In some embodiments, a Phenotype Model (mP) and database of phenotype scores (or phenotype classifications) is generated by accessing a database of features describing (e.g., lower- and higher-order) molecular scores and molecular states 704 of single-cells 702, and input labels 708 (e.g., a database) describing the phenotypic impact 706 of molecular variants identified within single-cells 702. In some embodiments, a training/validation layer 710 generates and quality-controls Phenotype Models (mP) that can predict the phenotypic impact 706 of individual single-cells 702. In some embodiments, a database of features describing the molecular scores and molecular states 716 of single-cells (testing) 714 are provided to the generated Phenotype Models (mP) to calculate and create a database of phenotype scores 720 describing the predicted phenotypic impact 718 of molecular variants in single-cells (testing) 714. As would be appreciated by a person of ordinary skill in the art, the performance (e.g. accuracy) of the predicted phenotypic impacts 718 in each cell (e.g., phenotype scores 720) can be determined against the known phenotypic impact of molecular variants in single-cells (testing) 714 within a testing layer 712. As would be appreciated by a person of ordinary skill in the art, the Phenotype Models (mP) can be applied to pre-compute or compute, on demand, the phenotype scores of single cells not included in training, validation, or testing.
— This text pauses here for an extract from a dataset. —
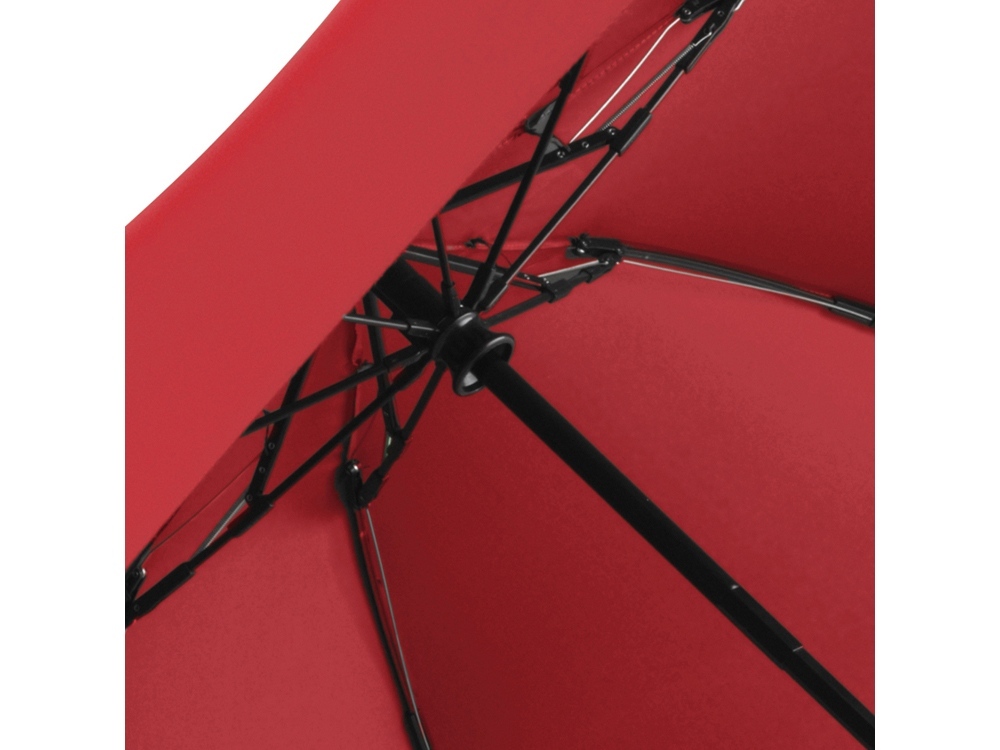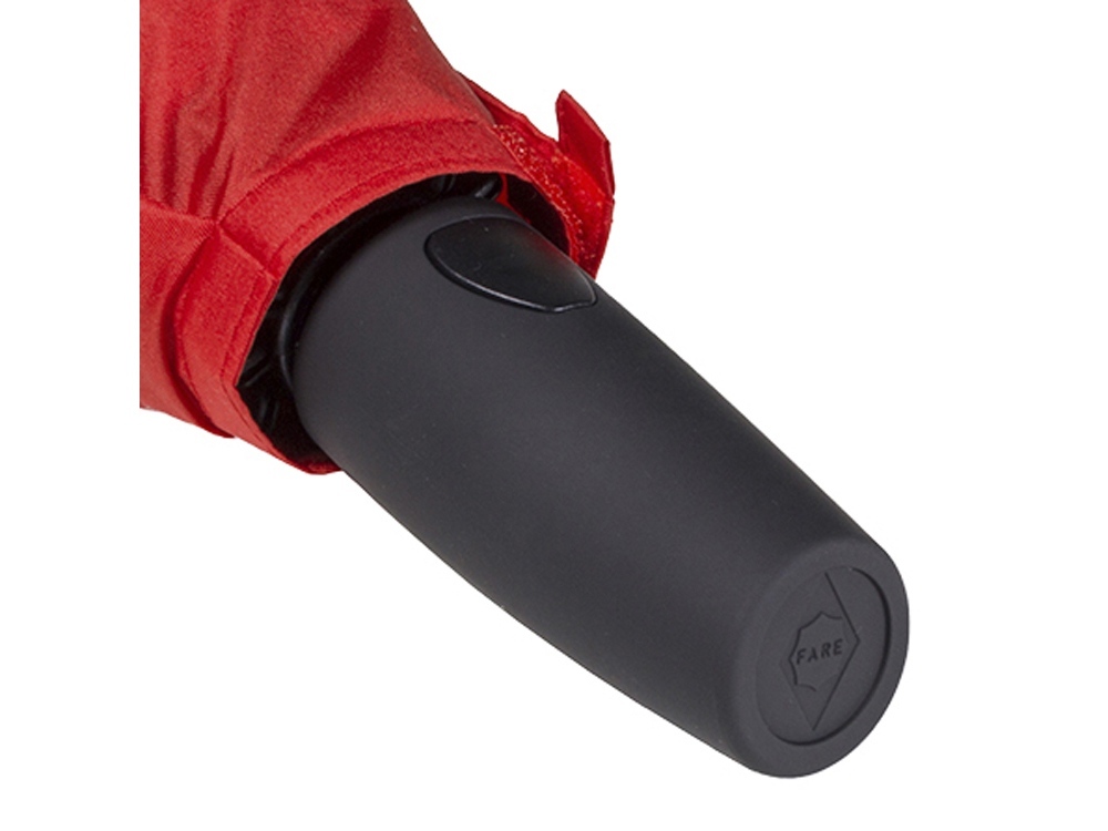 Современный зонт-полуавтомат с обратным сложением внутрь. Очень удобен в использовании, например, во время посадки в машину при складывании зонта вода остается внутри купола. Открывается с помощью кнопки на ручке из мягкого пластика.

In some embodiments, such scoring and evaluation can occur in a phenotype scoring and classification layer 722. Phenotype scoring and classification layer 722 can examine the phenotype impact classification accuracy permitted on the basis of phenotype scores 720.


In some embodiments, summary statistics relating to the tendency, dispersion, shape, range, or error of phenotype scores may be used to create a database of (e.g., quality-controlled) phenotype signals associated with individual molecular variants.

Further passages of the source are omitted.